Requirement: Say how many lines in the entries contain "light", giving only the number.

Listed records:
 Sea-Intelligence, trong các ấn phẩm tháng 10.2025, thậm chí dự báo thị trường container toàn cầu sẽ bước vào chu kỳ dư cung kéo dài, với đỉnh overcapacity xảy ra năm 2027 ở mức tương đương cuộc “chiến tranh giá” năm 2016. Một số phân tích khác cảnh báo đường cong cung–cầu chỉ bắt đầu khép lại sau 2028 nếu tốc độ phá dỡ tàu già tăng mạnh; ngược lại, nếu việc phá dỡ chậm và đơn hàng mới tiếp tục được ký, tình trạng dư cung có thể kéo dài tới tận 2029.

==

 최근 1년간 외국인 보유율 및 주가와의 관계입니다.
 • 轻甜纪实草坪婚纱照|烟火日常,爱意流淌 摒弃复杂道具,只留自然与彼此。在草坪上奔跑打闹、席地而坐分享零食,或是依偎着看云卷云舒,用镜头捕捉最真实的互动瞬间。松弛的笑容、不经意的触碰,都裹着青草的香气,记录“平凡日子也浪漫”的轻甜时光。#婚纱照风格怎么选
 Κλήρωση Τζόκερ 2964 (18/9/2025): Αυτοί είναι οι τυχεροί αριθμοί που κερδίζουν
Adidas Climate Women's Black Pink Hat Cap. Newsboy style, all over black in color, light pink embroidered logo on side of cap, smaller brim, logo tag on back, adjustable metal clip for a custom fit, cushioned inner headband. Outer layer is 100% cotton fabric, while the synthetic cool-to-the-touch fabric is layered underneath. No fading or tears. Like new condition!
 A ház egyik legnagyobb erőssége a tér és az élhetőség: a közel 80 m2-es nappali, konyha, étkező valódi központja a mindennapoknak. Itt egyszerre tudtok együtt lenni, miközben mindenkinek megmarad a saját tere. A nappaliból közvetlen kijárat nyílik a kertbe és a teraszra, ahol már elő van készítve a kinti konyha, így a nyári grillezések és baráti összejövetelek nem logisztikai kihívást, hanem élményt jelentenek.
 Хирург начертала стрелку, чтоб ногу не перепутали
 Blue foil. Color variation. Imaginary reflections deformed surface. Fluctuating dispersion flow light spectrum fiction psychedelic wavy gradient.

---

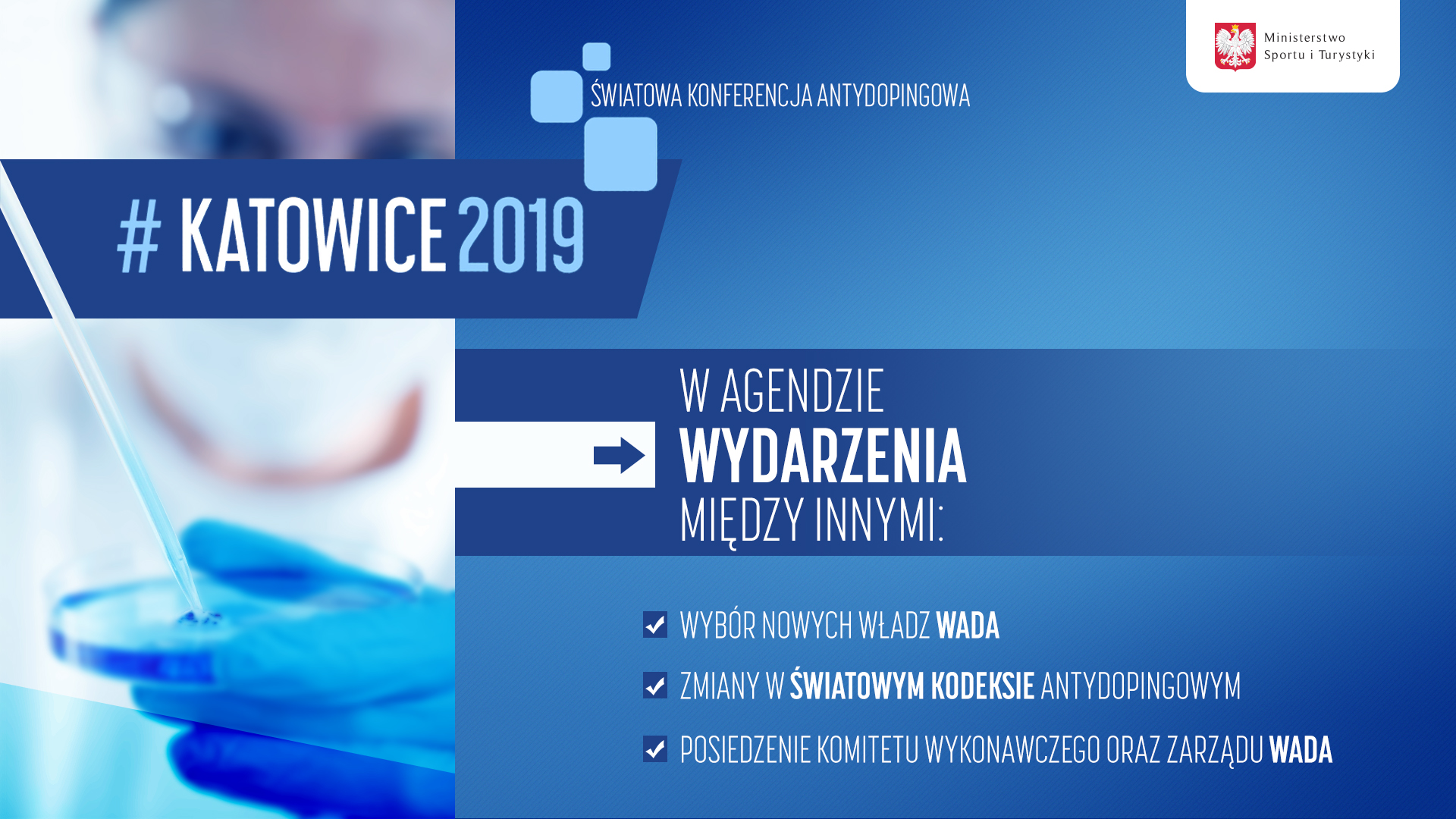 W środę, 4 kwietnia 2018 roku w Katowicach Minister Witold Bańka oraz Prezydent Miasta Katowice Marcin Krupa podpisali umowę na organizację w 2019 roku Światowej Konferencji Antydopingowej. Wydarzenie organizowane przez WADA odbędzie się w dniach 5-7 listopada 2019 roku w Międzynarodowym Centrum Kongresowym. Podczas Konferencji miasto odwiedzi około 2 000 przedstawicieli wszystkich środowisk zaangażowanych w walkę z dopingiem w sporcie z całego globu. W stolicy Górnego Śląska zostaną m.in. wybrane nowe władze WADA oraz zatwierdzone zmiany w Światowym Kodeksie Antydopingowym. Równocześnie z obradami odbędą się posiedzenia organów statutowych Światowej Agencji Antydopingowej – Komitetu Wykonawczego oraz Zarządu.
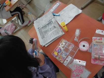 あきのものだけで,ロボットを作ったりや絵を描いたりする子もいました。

Written reply: 2